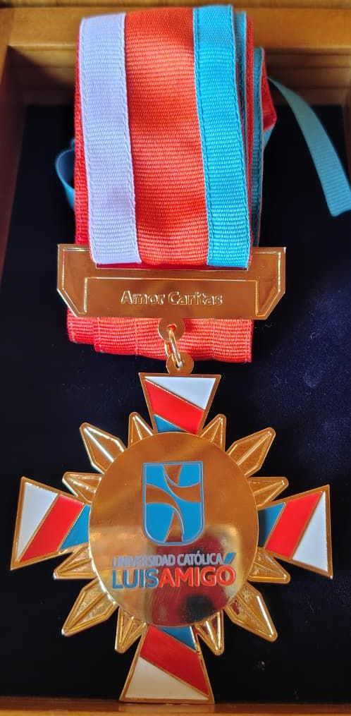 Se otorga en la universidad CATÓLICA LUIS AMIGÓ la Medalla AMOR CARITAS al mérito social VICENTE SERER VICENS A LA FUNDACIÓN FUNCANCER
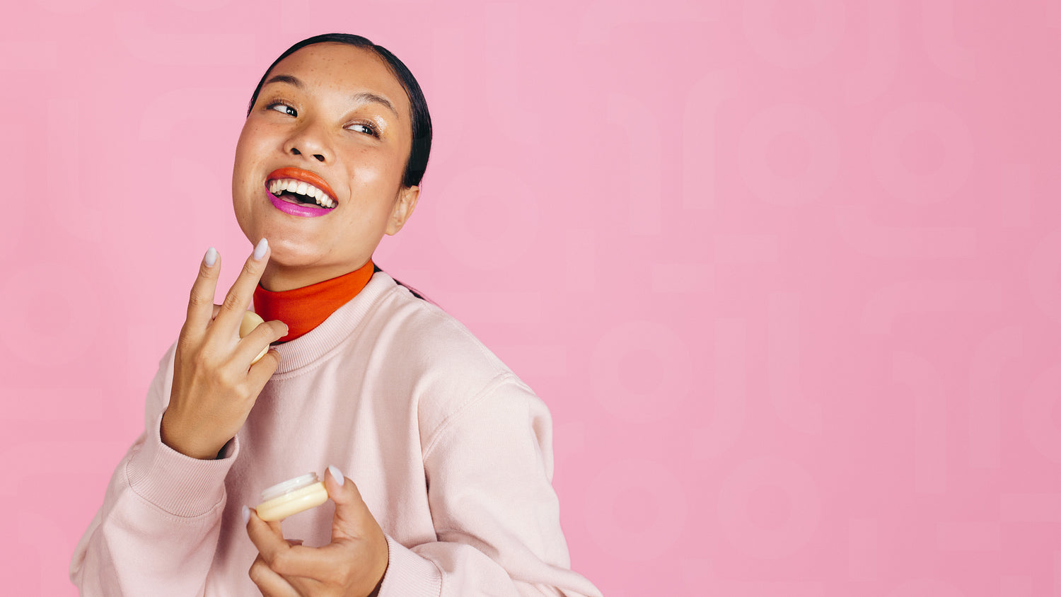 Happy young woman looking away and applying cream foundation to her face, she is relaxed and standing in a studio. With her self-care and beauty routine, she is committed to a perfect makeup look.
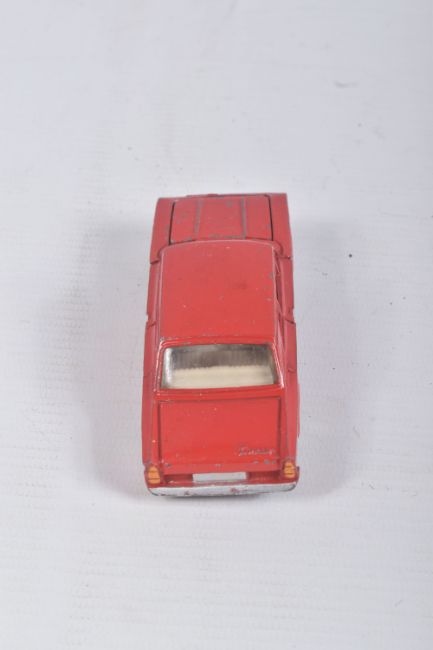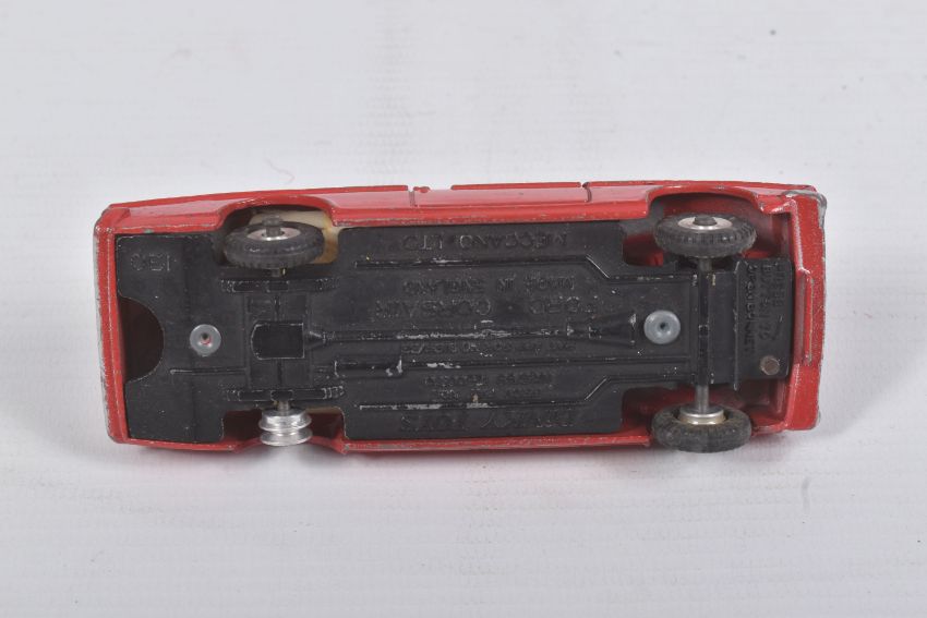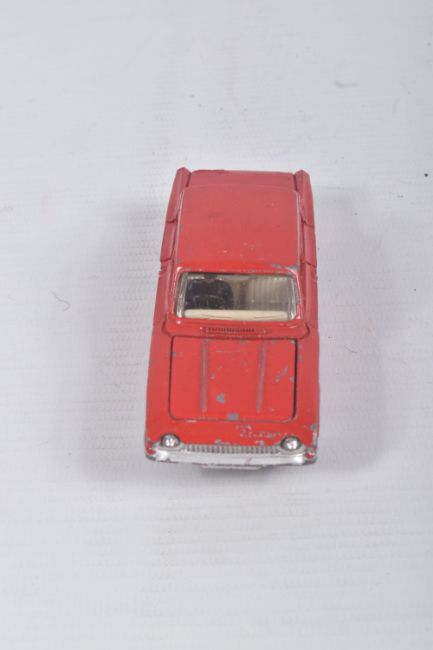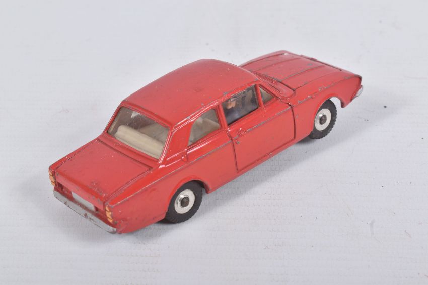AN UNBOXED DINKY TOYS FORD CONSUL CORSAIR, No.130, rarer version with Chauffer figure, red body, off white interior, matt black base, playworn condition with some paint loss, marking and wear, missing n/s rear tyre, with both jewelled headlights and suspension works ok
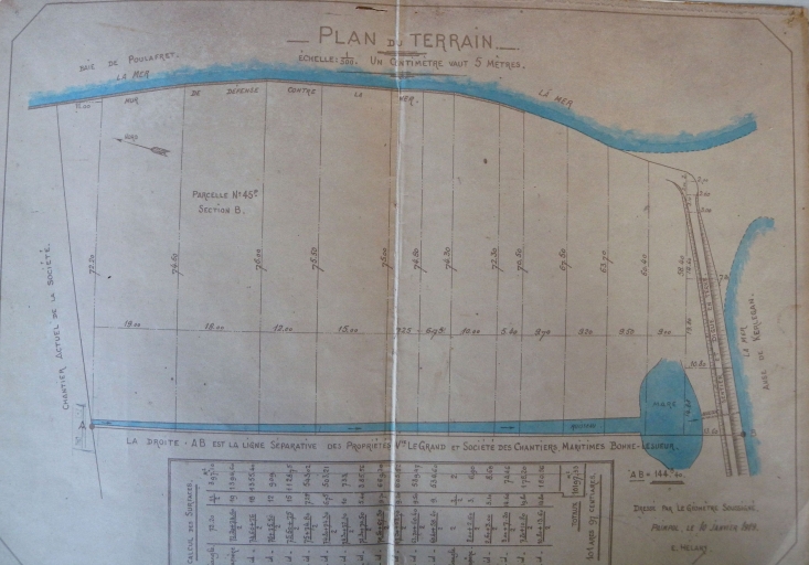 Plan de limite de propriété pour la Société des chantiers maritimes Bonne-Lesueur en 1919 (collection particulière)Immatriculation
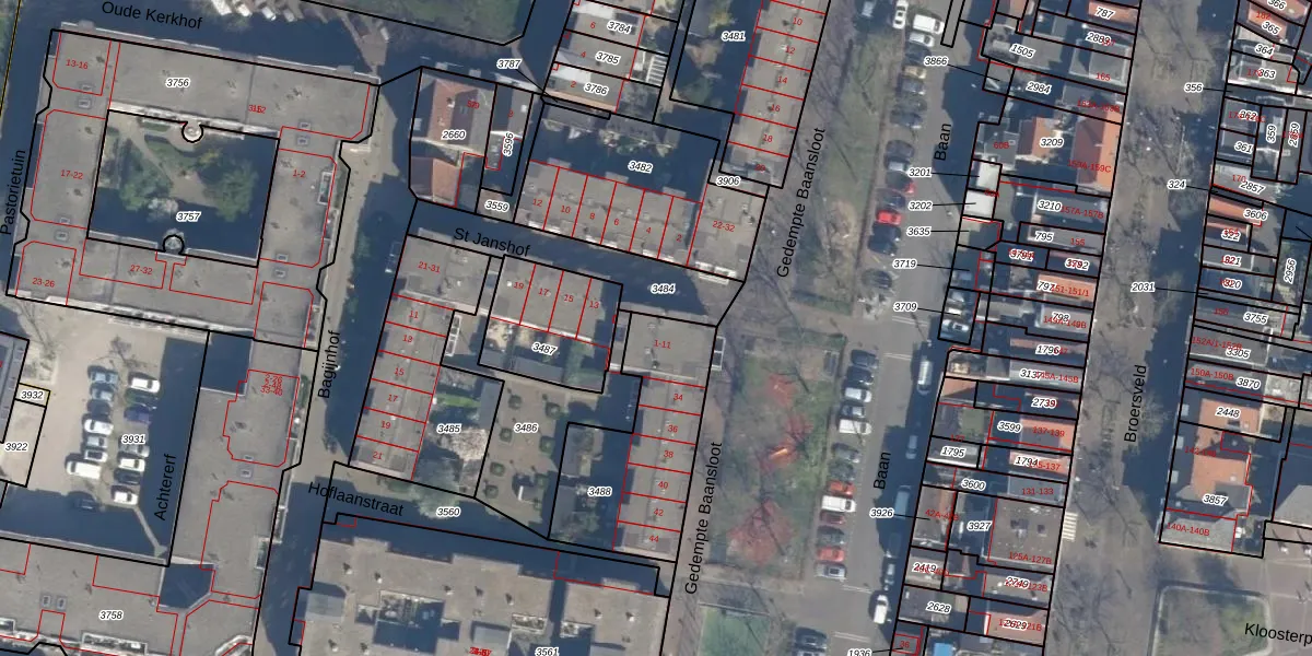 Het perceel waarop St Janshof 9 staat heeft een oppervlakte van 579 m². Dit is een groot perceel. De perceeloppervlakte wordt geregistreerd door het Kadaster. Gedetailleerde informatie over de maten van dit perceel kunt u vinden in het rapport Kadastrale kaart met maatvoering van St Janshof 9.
...
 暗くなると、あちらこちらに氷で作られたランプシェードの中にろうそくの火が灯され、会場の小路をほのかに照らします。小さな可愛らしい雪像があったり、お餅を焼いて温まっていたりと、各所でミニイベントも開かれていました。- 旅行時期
--
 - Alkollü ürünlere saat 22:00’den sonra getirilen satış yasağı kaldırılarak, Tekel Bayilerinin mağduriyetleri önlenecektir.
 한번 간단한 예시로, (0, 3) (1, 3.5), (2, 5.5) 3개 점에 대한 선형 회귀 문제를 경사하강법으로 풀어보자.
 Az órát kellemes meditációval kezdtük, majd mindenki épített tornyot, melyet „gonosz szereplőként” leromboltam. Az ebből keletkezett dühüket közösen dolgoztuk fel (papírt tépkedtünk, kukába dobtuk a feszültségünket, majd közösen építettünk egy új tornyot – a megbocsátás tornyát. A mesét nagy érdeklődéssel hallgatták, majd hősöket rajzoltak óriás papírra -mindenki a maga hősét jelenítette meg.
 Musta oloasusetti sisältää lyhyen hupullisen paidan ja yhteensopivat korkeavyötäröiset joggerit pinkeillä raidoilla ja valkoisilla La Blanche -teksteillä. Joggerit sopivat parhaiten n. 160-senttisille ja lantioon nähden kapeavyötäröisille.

# [What is being asked]
Every line above from the line with "- Alkollü ürünlere" to the line with "한번 간단한 예시로, (0, 3)", both included, must be reproduced exactly, and no other line may appear.

# [Task result]
 - Alkollü ürünlere saat 22:00’den sonra getirilen satış yasağı kaldırılarak, Tekel Bayilerinin mağduriyetleri önlenecektir.
 한번 간단한 예시로, (0, 3) (1, 3.5), (2, 5.5) 3개 점에 대한 선형 회귀 문제를 경사하강법으로 풀어보자.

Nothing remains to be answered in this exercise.